Formulating legislation in the form of treaties or agreements is the best way to get double taxation relief. The firms can also opt to register themselves as ventures other than Corporations. This means if the ventures register as a sole proprietorship firm, partnership unit, or LLC, there will be no system of dividends. And where there is no dividend, there is no dual taxation.

How to Avoid Double Taxation

If businesses want to avoid dual taxation, they can retain their earnings and not distribute them further. Lastly, they can split their income and pay wages and salaries to the employees to cut their tax burden.

Frequently Asked Questions (FAQs)

Is double taxation legal?

Yes, double taxation is legal. The government levies the taxes, and they are the ultimate authority determining the rate of taxes. Whether a corporate or international tax, the taxes are levied upon the business units or individuals by the government based on federal regulations as applicable.

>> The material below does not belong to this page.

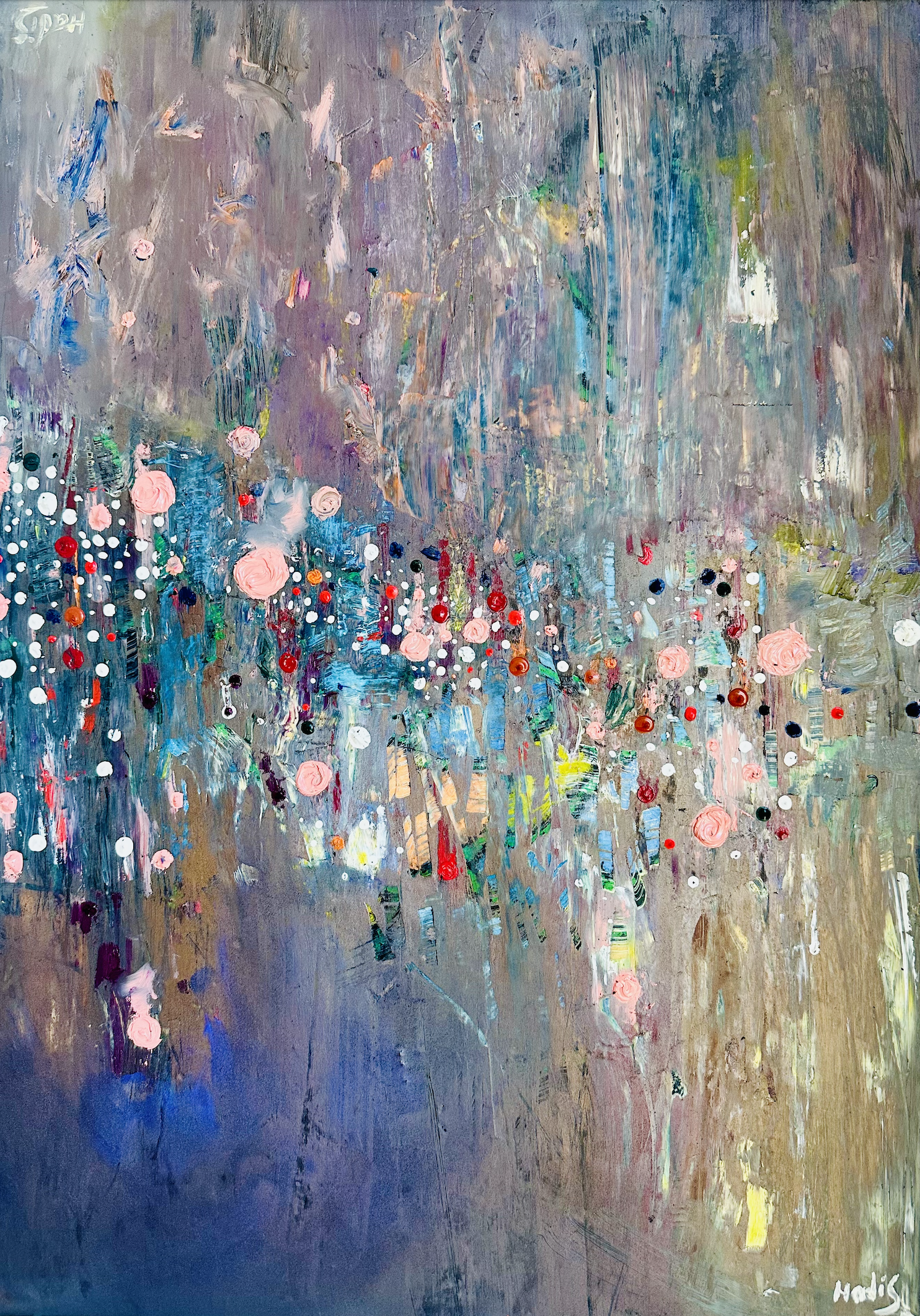I use this destructive process to navigate the tension between the seen and the unseen. In my figurative work (Living Against the Void), I drag this texture over the subject like a veil, obscuring the face to represent the struggle against external forces. In my abstract work, I bury the texture underneath, using it as a rugged foundation for bold, energetic drips of color. In both styles, I don’t believe in perfection. Ruins are more interesting.

What is a double taxation avoidance agreement (DTAA)?

The DTAA is an agreement that two or more nations sign after mutually agreeing to the rules and guidelines in the form of clauses. Once they sign the document, they give each other the liberty to avoid paying dual taxes on the business conducted within each other's boundaries. In short, they allow each other to operate within their borders without having the pay taxes.

How can double taxation be minimized?

The double tax to be paid could be minimized with the help of relief programs, reflected in the legislations framed or income split or earnings retained by the business units. This way, they have to pay taxes only once at an individual level or as a business unit.